Initialize the LLMUser.

PARAMETER	DESCRIPTION
`name`	The name of the user. TYPE: `str`
`model`	The language model to be used for generating responses. TYPE: `ModelAdapter`
`user_profile`	A dictionary describing the user's persona, preferences, and other relevant information. TYPE: `Dict[str, Any]`
`scenario`	A description of the situation or task the user is trying to accomplish. TYPE: `str`
`initial_query`	A pre-set query to start the conversation. If provided, it becomes the first user message. If None, call get_initial_query() to generate one from the model based on the user profile and scenario. Defaults to None. TYPE: `Optional[str]` DEFAULT: `None`
`template`	A custom prompt template for the user simulator. Defaults to None. TYPE: `Optional[str]` DEFAULT: `None`
`max_try`	The maximum number of attempts for the simulator to generate a valid response. Defaults to 3. TYPE: `int` DEFAULT: `3`
`max_turns`	Maximum number of user messages in the conversation. Each user message counts as one turn, including the initial_query. Use max_turns=1 for single-turn benchmarks, or higher values for multi-turn interaction. Defaults to 1. TYPE: `int` DEFAULT: `1`
`stop_tokens`	List of tokens that signal user satisfaction, enabling early termination. When the user's LLM-generated response contains any of these tokens, is_done() returns True regardless of remaining turns. The matched token is stripped from the response. Defaults to None (early stopping disabled).

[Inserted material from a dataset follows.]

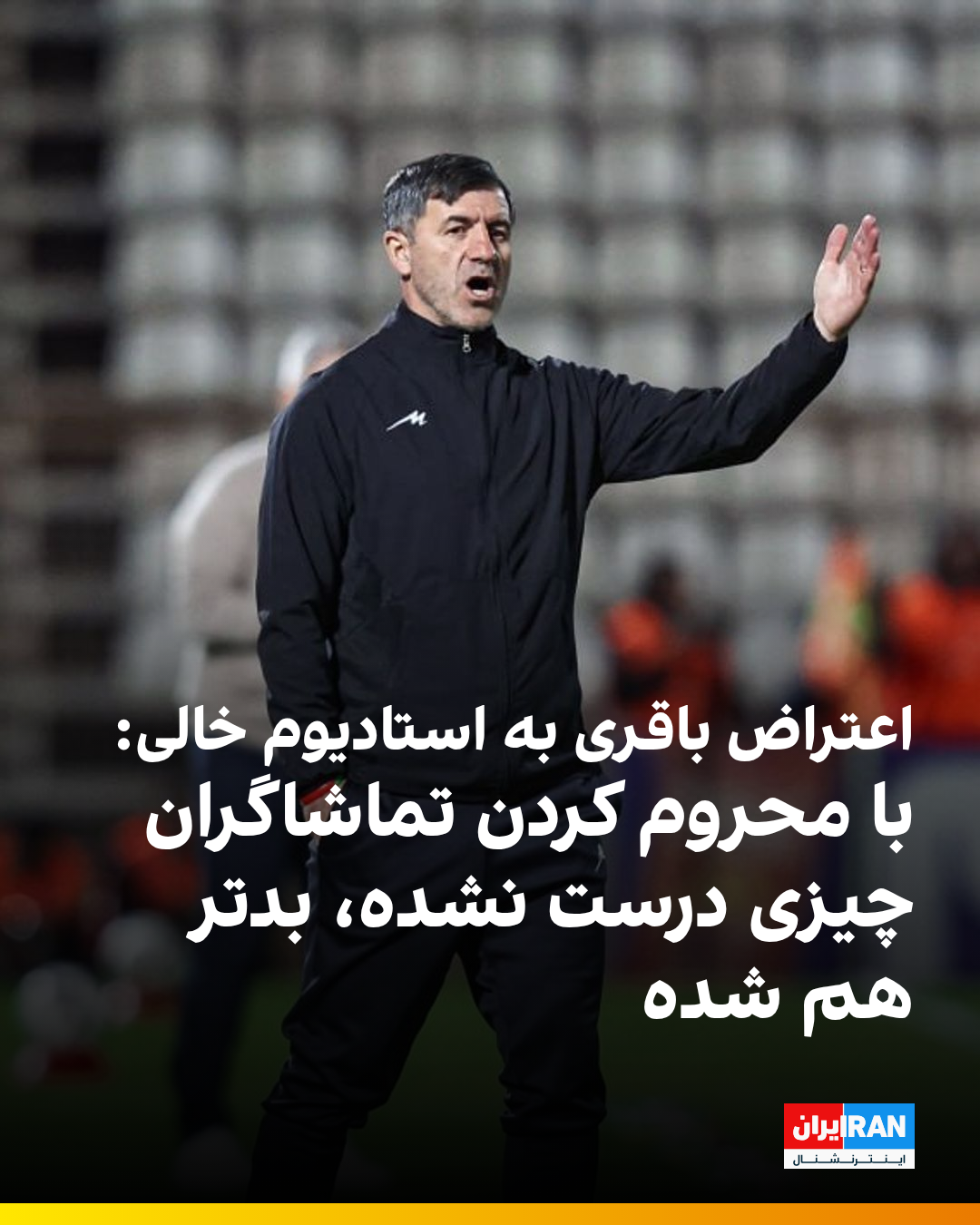 باقری دراینباره توضیح داد: «در این چند ساله نه فقط در تبریز، بلکه در کل ایران تماشاگران را محروم کردند، ولی هیچ اتفاقی نیفتاده است. نه تنها درست نشده، بلکه بدتر شده است. فکر میکنم زیبایی فوتبال نه در ایران، بلکه کل دنیا به تماشاگران است. آن انرژی که به تیمشان میدهند فوتبال ما را زیبا میکند. متأسفانه در این بازی تماشاگر نبود، ولی من دوست داشتم باشند.»

TYPE: `Optional[List[str]]` DEFAULT: `None`
`early_stopping_condition`	A description of when the user should stop the conversation (e.g., "all goals have been accomplished"). Used with stop_tokens to instruct the LLM when to emit a stop token. Must be provided if stop_tokens is set. Defaults to None. TYPE: `Optional[str]` DEFAULT: `None`
`exhausted_response`	Message to return when `respond()` is called after the user is done. If `None` (default), raises `UserExhaustedError` instead. Set this to a descriptive string (e.g., `"The user is no longer available. Proceed with the information you have."`) for tool-based integrations where the agent controls when to call the user. TYPE: `Optional[str]` DEFAULT: `None`

RAISES	DESCRIPTION
`ValueError`	If stop_tokens is set but early_stopping_condition is not provided.

gather_config

gather_config() -> Dict[str, Any]

Gather configuration from this user.

Output fields:

name - User identifier
profile - User profile data
scenario - Task scenario description
max_turns - Maximum interaction turns
stop_tokens - Early stopping tokens (empty list if disabled)
exhausted_response - Message returned when user is done, or None

RETURNS	DESCRIPTION
`Dict[str, Any]`	Dictionary containing user configuration.

gather_traces

gather_traces() -> Dict[str, Any]

Gather execution traces from this user.

Output fields:

name - User identifier
profile - User profile data
message_count - Number of messages in history
messages - Full conversation history
logs - Execution logs with timing
termination_reason - Why interaction ended (see TerminationReason)
stop_reason - Which stop token triggered termination, if any
max_turns - Maximum allowed turns
turns_used - Actual turns used
stopped_by_user - Whether user emitted a stop token

RETURNS	DESCRIPTION
`Dict[str, Any]`	Dictionary containing user state and interaction data.

get_initial_query

get_initial_query() -> str

Get the initial query for the conversation.

If an initial_query was provided at construction, returns it. Otherwise, generates one using the LLM simulator based on the user's profile and scenario.

This method: - Returns the existing initial query if one was provided - Or calls the LLM simulator to generate one - Ensures the query is in the message history - Counts the initial query as the first turn

RETURNS	DESCRIPTION
`str`	The initial query (either pre-set or LLM-generated).

RAISES	DESCRIPTION
`RuntimeError`	If called after conversation has progressed beyond the initial message.

get_tool

get_tool() -> Any

Get a smolagents-compatible tool for user interaction.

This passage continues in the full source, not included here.